Extend your diagram using $\newcommand{\Ex}{\mathrm{Ex}}\newcommand{\Sd}{\mathrm{Sd}}\Ex^\infty$:

$$\begin{CD} \partial\Delta[n] @>>> X @>{\sim}>> \Ex^\infty X \\ @VVV @VV{f}V @VV{\Ex^\infty f}V \\ \Delta[n] @>>> Y @>>{\sim}> \Ex^\infty Y \textrm{.} \\ \end{CD}$$

Then $f$ is a weak equivalence if and only if $\Ex^\infty f$ is if and only if there is a relative lift in the outer rectangle (since $\Ex^\infty X$ and $\Ex^\infty Y$ are Kan complexes). Since such a lift involves only finitely many simplices of $\Ex^\infty X$ and $\Ex^\infty Y$, there is a finite $k$ such that it actually lives in

$$\begin{CD} \partial\Delta[n] @>>> X @>{\sim}>> \Ex^k X \\ @VVV @VV{f}V @VV{\Ex^k f}V \\ \Delta[n] @>>> Y @>>{\sim}> \Ex^k Y \textrm{.} \\ \end{CD}$$

Since $\Ex^k$ is adjoint to $\Sd^k$, such a diagram translates to

$$\begin{CD} \Sd^k\partial\Delta[n] @>>> \partial\Delta[n] @>>> X \\ @VVV @VVV @VV{f}V \\ \Sd^k\Delta[n] @>>> \Delta[n] @>>> Y \textrm{.} \\ \end{CD}$$

So in the end $f$ is a weak equivalence if and only if there is a $k$ such that the latter diagram admits a "relative lift". However, you have to be careful here since a homotopy $\Delta[n] \times \Delta[1] \to \Ex^k Y$ translates to a map $\Sd^k(\Delta[n] \times \Delta[1]) \to Y$ which is different than $\Sd^k\Delta[n] \times \Delta[1] \to Y$ or $\Sd^k\Delta[n] \times \Sd^k\Delta[1] \to Y$ so "relative lift" has a slightly different meaning now.

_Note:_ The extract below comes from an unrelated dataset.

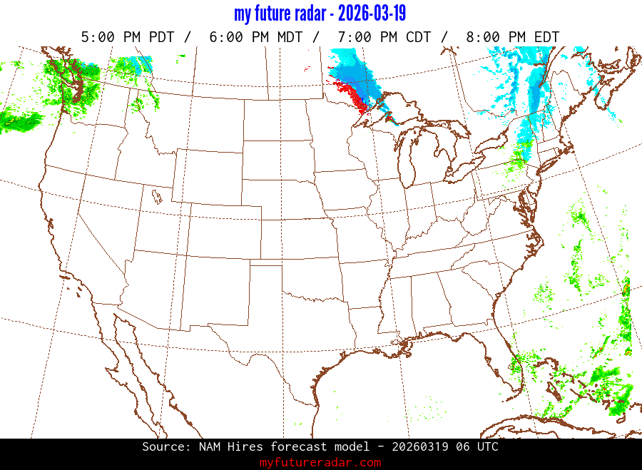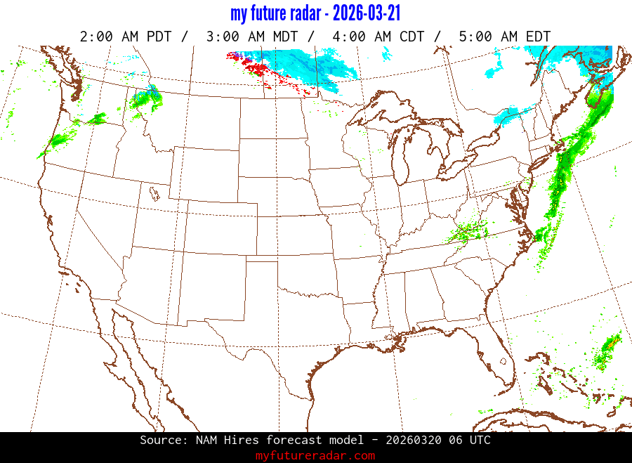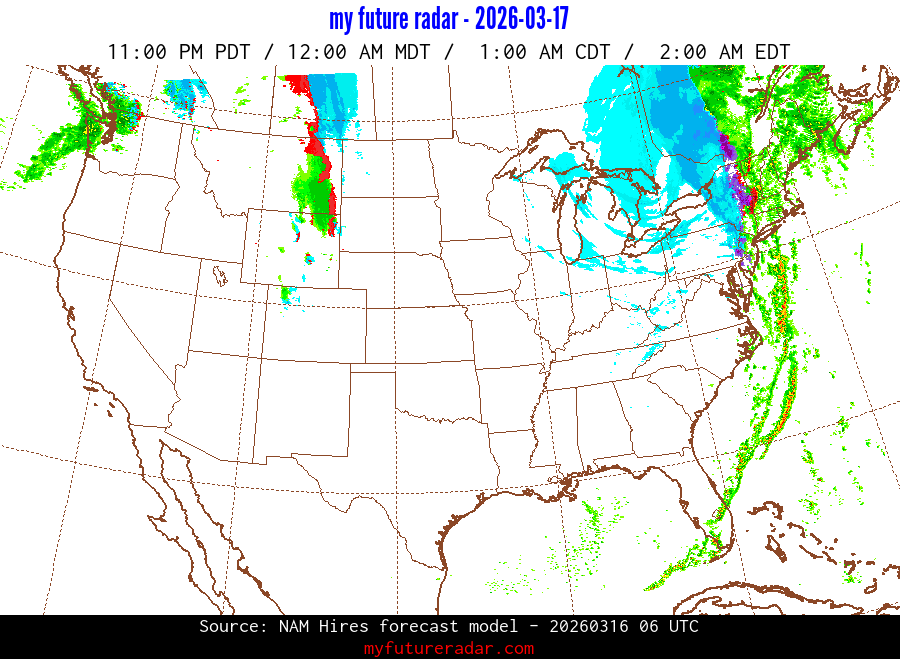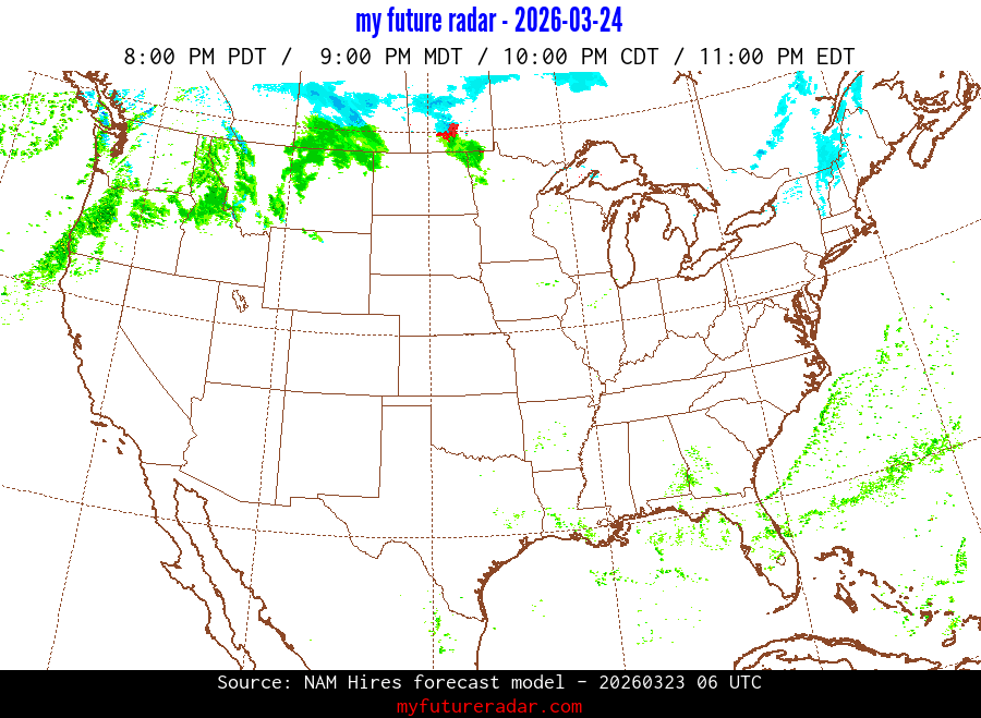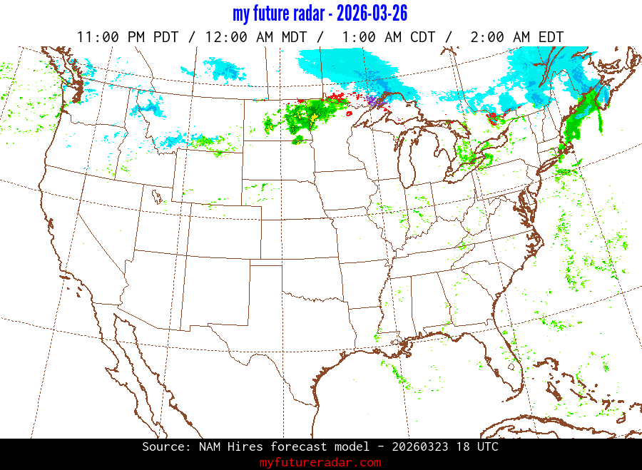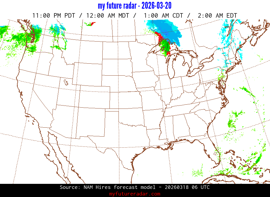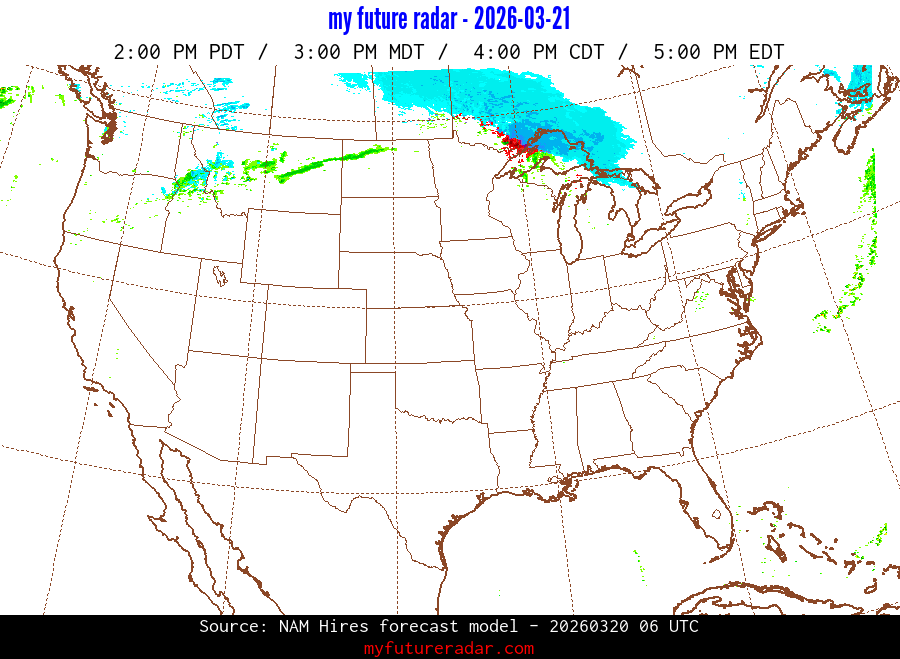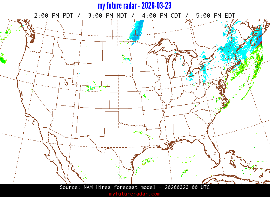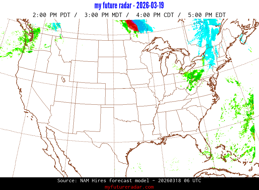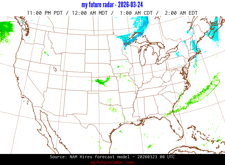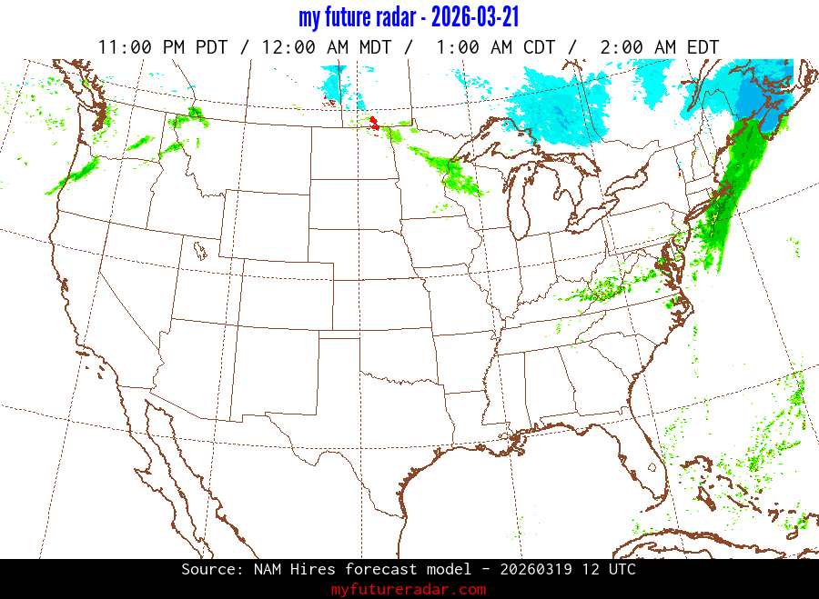 You are on the page that displays data from the NAM Hires forecast model. Currently, we have radar imagery for this model from now until .

$\newcommand{\Ex}{\mathrm{Ex}}\newcommand{\Sd}{\mathrm{Sd}}$Consider the square

$$\begin{CD} X @>{\sim}>> \Ex^\infty X \\ @V{f}VV @VV{\Ex^\infty f}V \\ Y @>>{\sim}> \Ex^\infty Y \textrm{.} \\ \end{CD}$$

The map $f$ is a weak equivalence if and only if $\Ex^\infty f$ is if and only if there is a relative lift in every diagram of the form

$$\begin{CD} \partial\Delta[n] @>>> \Ex^\infty X \\ @VVV @VV{\Ex^\infty f}V \\ \Delta[n] @>>> \Ex^\infty Y \textrm{.} \\ \end{CD}$$

Since such a lifting problem and its solution involve only finitely many simplices of $\Ex^\infty X$ and $\Ex^\infty Y$, there is a $j$ such that the lifting problem actually lives in

$$\begin{CD} \partial\Delta[n] @>>> \Ex^j X \\ @VVV @VV{\Ex^j f}V \\ \Delta[n] @>>> \Ex^j Y \\ \end{CD}$$

and a $k$ such that its solution lives in

$$\begin{CD} \partial\Delta[n] @>>> \Ex^j X @>>> \Ex^{j+k} X\\ @VVV @VV{\Ex^j f}V @VV{\Ex^{j+k} f}V \\ \Delta[n] @>>> \Ex^j Y @>>> \Ex^{j+k} Y \textrm{.} \\ \end{CD}$$

By adjointness, this means that $f$ is a weak equivalence if and only if for every $j$ and every lifting problem

$$\begin{CD} \Sd^j\partial\Delta[n] @>>> X \\ @VVV @VV{f}V \\ \Sd^j\Delta[n] @>>> Y \\ \end{CD}$$

there is a $k$ and a "relative lift" in

$$\begin{CD} \Sd^{j+k}\partial\Delta[n] @>>> \Sd^j\partial\Delta[n] @>>> X \\ @VVV @VVV @VV{f}V \\ \Sd^{j+k}\Delta[n] @>>> \Sd^j\Delta[n] @>>> Y \textrm{.} \\ \end{CD}$$

However, you have to be careful here since a homotopy $\Delta[n] \times \Delta[1] \to \Ex^{j+k} Y$ translates to a map $\Sd^{j+k}(\Delta[n] \times \Delta[1]) \to Y$ which is different than $\Sd^{j+k}\Delta[n] \times \Delta[1] \to Y$ or $\Sd^{j+k}\Delta[n] \times \Sd^{j+k}\Delta[1] \to Y$ so "relative lift" has a slightly different meaning now.